Tencent Hunyuan researchers have launched HY-MT1.5, a multilingual machine translation household that targets each cellular units and cloud methods with the identical coaching recipe and metrics. HY-MT1.5 consists of two translation fashions, HY-MT1.5-1.8B and HY-MT1.5-7B, helps mutual translation throughout 33 languages with 5 ethnic and dialect variations, and is obtainable on GitHub and Hugging Face beneath open weights.

Mannequin household and deployment targets

HY-MT1.5-7B is an upgraded model of the WMT25 championship system Hunyuan-MT-7B. It’s optimized for explanatory translation and combined language eventualities, and provides native help for terminology intervention, contextual translation and formatted translation.

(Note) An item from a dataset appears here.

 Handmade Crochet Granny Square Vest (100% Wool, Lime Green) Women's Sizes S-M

HY-MT1.5-1.8B is the compact variant. It has lower than one third the parameters of HY-MT1.5-7B however delivers comparable translation efficiency within the reported benchmarks. After quantization, the 1.8B mannequin can run on edge units and help actual time translation.

The quantized HY-MT1.5-1.8B operates on units with about 1 GB of reminiscence and reaches a mean response time of about 0.18 seconds for Chinese language inputs of round 50 tokens, whereas surpassing mainstream industrial translation APIs in high quality. HY-MT1.5-7B targets server and excessive finish edge deployment, the place latency round 0.45 seconds is appropriate in alternate for increased high quality.

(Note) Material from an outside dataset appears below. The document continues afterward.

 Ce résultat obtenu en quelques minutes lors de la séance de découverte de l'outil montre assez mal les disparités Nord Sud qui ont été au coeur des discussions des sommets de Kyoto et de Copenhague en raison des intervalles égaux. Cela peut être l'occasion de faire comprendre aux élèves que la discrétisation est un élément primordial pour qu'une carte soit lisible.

Holistic coaching framework

The analysis staff defines HY-MT1.5 as a translation particular language mannequin skilled with a multi stage pipeline.

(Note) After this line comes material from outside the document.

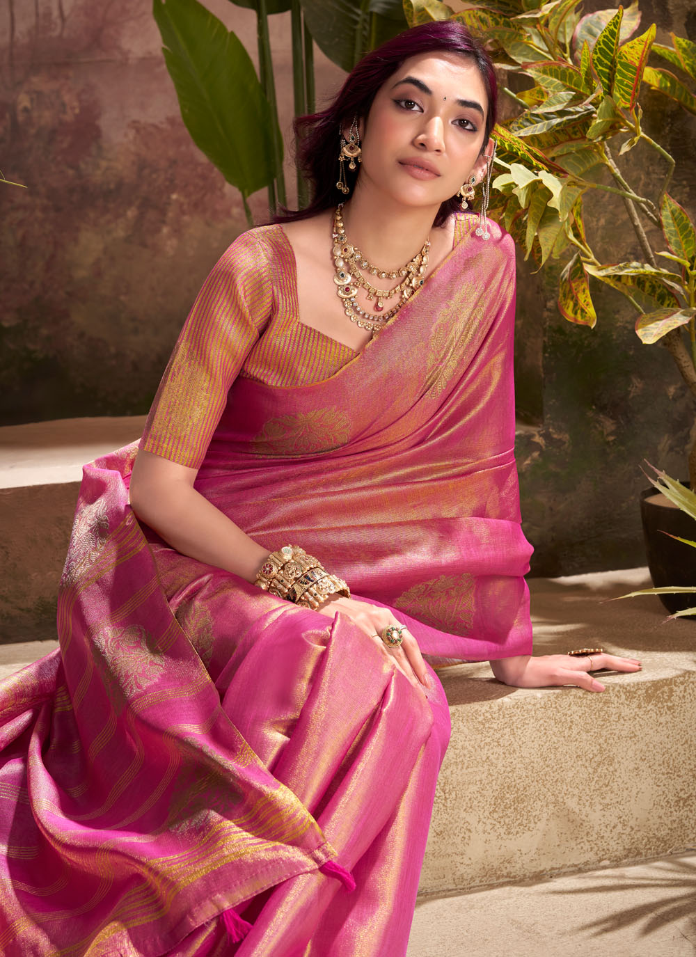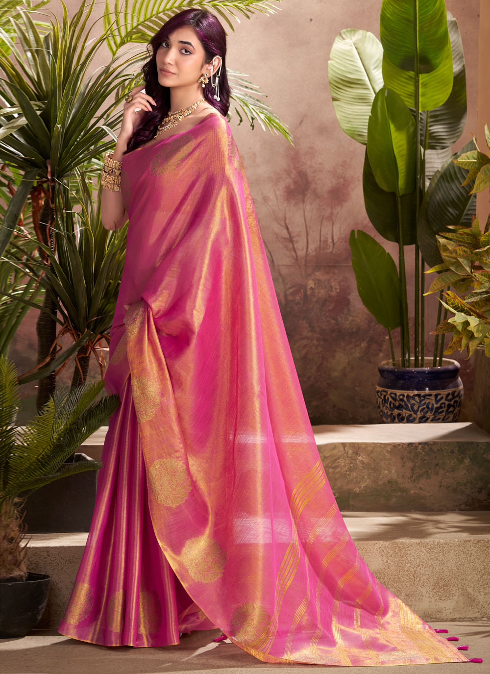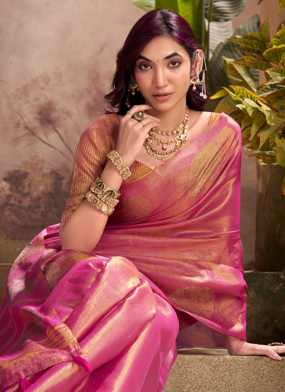Brighten up your ethnic wardrobe with this statement-making fuchsia tissue silk saree. Designed with intricate woven work, it offers a lightweight feel and a radiant drape. Comes with matching blouse.

The pipeline has 5 major parts:

  1. Normal pre coaching: The bottom mannequin is first pre-trained on massive scale multilingual textual content with a language modeling goal. This builds shared representations throughout languages.
  2. MT oriented pre coaching: The mannequin is then uncovered to parallel corpora and translation oriented aims. This step aligns the technology distribution with actual translation duties reasonably than open ended textual content technology.
  3. Supervised high-quality tuning: Top quality sentence and doc stage parallel information is used to high-quality tune the mannequin with supervised loss. This stage sharpens literal correctness, area protection and path particular habits, akin to ZH to EN versus EN to ZH.
  4. On coverage distillation from 7B to 1.8B: HY-MT1.5-7B is used as a instructor for HY-MT1.5-1.8B. The analysis staff collects about 1 million monolingual prompts throughout the 33 languages, runs them by the instructor and makes use of reverse Kullback Leibler divergence on the coed rollouts to match the instructor distribution. This yields a 1.8B pupil that inherits many of the 7B mannequin’s translation habits with a lot decrease price.
  5. Reinforcement studying with rubrics based mostly analysis: Within the remaining stage, each fashions are optimized with a bunch relative coverage optimization type algorithm and a rubrics based mostly reward mannequin. Human reviewers rating translations on a number of axes akin to accuracy, fluency, idiomaticity and cultural appropriateness. The reward mannequin distills these scores and guides the coverage replace.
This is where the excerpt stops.